The task: The entries below hold a line with "然而,亚马逊股价似乎不受影响,上周累计涨 5.46%,上周总成交额 276.95" and a line with "2月21日,湖南商务职业技术". Return those lines and all that lie between them, exactly and only.

Supplied information:
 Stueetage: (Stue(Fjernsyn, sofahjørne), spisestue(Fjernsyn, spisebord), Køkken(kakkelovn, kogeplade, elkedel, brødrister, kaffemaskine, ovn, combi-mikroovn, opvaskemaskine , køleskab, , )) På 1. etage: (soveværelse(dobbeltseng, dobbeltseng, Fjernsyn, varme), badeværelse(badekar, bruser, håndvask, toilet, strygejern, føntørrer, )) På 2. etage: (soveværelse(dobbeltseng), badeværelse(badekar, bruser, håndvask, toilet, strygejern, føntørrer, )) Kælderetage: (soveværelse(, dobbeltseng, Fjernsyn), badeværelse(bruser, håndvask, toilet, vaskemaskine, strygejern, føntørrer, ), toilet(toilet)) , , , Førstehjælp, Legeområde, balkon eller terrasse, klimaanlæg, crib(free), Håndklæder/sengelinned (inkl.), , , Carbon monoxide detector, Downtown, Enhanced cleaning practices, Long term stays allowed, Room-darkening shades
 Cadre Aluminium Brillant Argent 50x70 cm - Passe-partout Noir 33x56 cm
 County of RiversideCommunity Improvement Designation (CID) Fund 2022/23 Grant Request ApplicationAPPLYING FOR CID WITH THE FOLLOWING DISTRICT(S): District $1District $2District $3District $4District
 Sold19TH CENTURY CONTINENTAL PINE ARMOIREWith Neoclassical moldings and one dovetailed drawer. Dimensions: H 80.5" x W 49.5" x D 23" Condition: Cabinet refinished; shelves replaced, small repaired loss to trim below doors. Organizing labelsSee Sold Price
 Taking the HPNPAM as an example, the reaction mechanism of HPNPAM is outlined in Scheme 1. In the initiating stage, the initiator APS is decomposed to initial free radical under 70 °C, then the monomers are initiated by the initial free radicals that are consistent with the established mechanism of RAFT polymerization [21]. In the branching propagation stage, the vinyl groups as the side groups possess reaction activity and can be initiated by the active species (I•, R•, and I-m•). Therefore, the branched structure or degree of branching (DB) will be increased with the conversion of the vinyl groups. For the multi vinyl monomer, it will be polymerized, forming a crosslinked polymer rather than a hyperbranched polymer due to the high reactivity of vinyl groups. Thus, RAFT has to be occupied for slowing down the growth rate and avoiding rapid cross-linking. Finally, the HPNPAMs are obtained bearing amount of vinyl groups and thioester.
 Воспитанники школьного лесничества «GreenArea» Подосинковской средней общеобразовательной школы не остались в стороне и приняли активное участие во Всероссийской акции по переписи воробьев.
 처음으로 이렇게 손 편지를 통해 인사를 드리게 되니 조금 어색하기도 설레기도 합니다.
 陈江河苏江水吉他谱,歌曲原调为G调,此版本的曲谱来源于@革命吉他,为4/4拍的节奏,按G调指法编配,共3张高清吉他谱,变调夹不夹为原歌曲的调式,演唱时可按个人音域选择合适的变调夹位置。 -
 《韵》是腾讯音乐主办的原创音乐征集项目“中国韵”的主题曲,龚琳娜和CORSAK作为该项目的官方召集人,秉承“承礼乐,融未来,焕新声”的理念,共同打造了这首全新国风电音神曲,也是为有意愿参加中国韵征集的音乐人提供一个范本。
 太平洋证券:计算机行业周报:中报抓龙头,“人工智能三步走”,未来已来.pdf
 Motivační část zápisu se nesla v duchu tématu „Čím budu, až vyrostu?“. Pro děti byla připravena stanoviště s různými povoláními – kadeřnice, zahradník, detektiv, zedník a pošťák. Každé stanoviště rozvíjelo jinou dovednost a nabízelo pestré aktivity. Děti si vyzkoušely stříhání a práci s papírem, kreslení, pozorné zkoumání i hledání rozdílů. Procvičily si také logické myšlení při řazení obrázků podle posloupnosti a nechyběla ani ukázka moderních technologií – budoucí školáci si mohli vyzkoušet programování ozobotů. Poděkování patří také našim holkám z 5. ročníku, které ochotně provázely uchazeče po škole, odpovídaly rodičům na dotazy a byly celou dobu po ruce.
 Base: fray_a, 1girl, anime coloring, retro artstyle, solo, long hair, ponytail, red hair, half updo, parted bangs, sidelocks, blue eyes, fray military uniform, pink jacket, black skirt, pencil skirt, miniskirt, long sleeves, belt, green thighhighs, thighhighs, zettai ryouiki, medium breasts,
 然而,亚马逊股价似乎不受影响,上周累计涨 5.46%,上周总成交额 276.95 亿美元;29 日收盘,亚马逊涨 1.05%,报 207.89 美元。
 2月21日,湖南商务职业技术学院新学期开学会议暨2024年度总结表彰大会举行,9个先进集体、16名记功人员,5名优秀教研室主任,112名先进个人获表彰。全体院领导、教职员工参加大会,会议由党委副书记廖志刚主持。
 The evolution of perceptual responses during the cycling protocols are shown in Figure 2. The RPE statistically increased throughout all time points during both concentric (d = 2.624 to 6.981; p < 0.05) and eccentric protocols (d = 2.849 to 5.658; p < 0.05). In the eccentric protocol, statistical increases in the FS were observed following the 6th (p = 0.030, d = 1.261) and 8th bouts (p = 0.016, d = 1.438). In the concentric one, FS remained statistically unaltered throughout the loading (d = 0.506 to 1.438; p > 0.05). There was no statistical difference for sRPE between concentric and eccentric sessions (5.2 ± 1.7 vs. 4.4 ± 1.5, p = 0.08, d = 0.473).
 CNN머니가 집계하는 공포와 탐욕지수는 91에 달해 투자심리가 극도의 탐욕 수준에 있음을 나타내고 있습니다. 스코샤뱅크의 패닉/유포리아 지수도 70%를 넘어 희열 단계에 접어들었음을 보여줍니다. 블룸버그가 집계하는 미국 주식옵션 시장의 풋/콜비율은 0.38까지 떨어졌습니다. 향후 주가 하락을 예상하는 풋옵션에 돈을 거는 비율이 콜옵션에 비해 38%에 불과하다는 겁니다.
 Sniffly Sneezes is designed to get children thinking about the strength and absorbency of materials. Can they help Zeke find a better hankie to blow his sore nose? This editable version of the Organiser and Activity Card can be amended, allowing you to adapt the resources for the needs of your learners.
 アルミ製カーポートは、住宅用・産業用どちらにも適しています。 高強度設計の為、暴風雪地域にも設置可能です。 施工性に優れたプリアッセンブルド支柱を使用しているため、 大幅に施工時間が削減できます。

Answer to this task:
 然而,亚马逊股价似乎不受影响,上周累计涨 5.46%,上周总成交额 276.95 亿美元;29 日收盘,亚马逊涨 1.05%,报 207.89 美元。
 2月21日,湖南商务职业技术学院新学期开学会议暨2024年度总结表彰大会举行,9个先进集体、16名记功人员,5名优秀教研室主任,112名先进个人获表彰。全体院领导、教职员工参加大会,会议由党委副书记廖志刚主持。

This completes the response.